Some folks scoff at Valentine’s Day as one created by greeting card companies to bolster winter business. For parents, a less jaded view of this holiday may be in order, especially for those with young children. Most psychologists agree that parents teach their children to love, not only by treating them lovingly, but also by modeling loving relationships. Central to a child’s developing ideas about marriage is the relationship between his or her parents.

Unfortunately, when children are small, demanding much of your time and attention, finding the energy to devote to your spouse too often falls low on the priority list. Perhaps this Valentines Day, rather than chocolates and flowers, you might exchange schedules. Get a babysitter for the evening and carve out some ongoing adult time to spend with one other.

Calendars, reservations, dressing up, babysitters — the process may seem like far too much hassle, but when pitted against the significance of your marriage, suddenly planning date nights seems a small sacrifice. Each time your children watch you work hard to put your relationship above the daily drone of life, you will teach them that marriage is important and that if you love someone, you make time for them.

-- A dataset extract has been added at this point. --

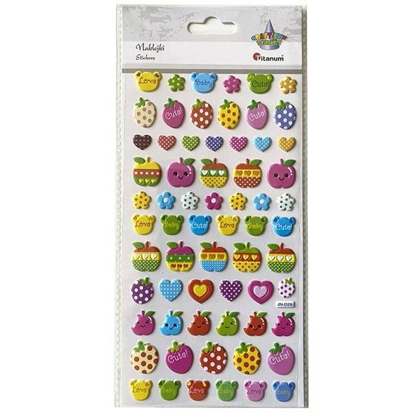 Naklejki wypukłe: głowy misia, truskawki, jabłka, serca, kwiaty - 65 sztuk. przeczytaj całość
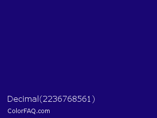 Decimal 2236768561 Color is a dark indigo color and the nearest color is Deep Blue #220878. Hex code #190673 and RGB value is rgb(25,6,115). In RGB color space, this color is composed of 10% red, 2% green, 45% blue, In CMYK color space, this color is composed of 78% cyan, 95% magenta, 0% yellow , 55% black , In HSL color space, this color has a hue angle of 250° , 90% saturation and 24% lightness.

Once you have a schedule in place, the hardest part may be figuring out where to go or what to do. Here are a few ideas to help get the ball rolling.

Make It Fun
Mandatory weekly dinners at a restaurant when you are both tired from long days spent at the office and/or with the kids may feel too much like a chore and defeat the purpose of connecting with your spouse. Consider doing something active instead — playing golf, tennis, or even putt-putt, whatever you both enjoy. The activity is good for your health, and the sport will hopefully bring out the playfulness in the two of you.

Get Cultured
There are so many wonderful events in the Chattahoochee area. Take in concerts at the RiverCenter or plays at the Springer. If money is an issue, go to free exhibits at The Columbus Museum or visit historical sites like the Chattahoochee Indian Heritage Center at Fort Mitchell. Taking advantage of all that our communities have to offer will enrich you both as individuals and as a couple, sparking conversation and enjoyment you can share throughout the week.

Try Something New
The daily grind can drive a marriage straight into a rut. Shake things up by learning something new together. Sign up for dance lessons or painting classes, take up horseback riding or learn another language. While exploring a new world together, you will likely discover new territory within the relationship as well.

Go on Mini Dates
If you have no family close by and struggle with finding a regular babysitter, consider going on mini dates. Ask a neighbor to stay with the kids for 20 minutes after dinner, two or three times a week, and simply take a walk, hand-in-hand with your spouse around the neighborhood. Make a pact to focus on each other, not the kids or work. Talk about future plans, discuss your thoughts on current events, talk about the weird dream you had the other night — anything other than work and children.

Schedule Love Talk
Get up 10 minutes earlier or stay up 10 minutes later every day and spend it talking about what you love about each other. Tell him you love that he kisses you every day before work. Tell her you love that she lets you sleep in on the weekend. Tell him you love that he takes out the trash without complaint. Tell her you love her laugh. Focusing on the good stuff is a great way to start or end the day, and helps remind you why you fell in love in the first place.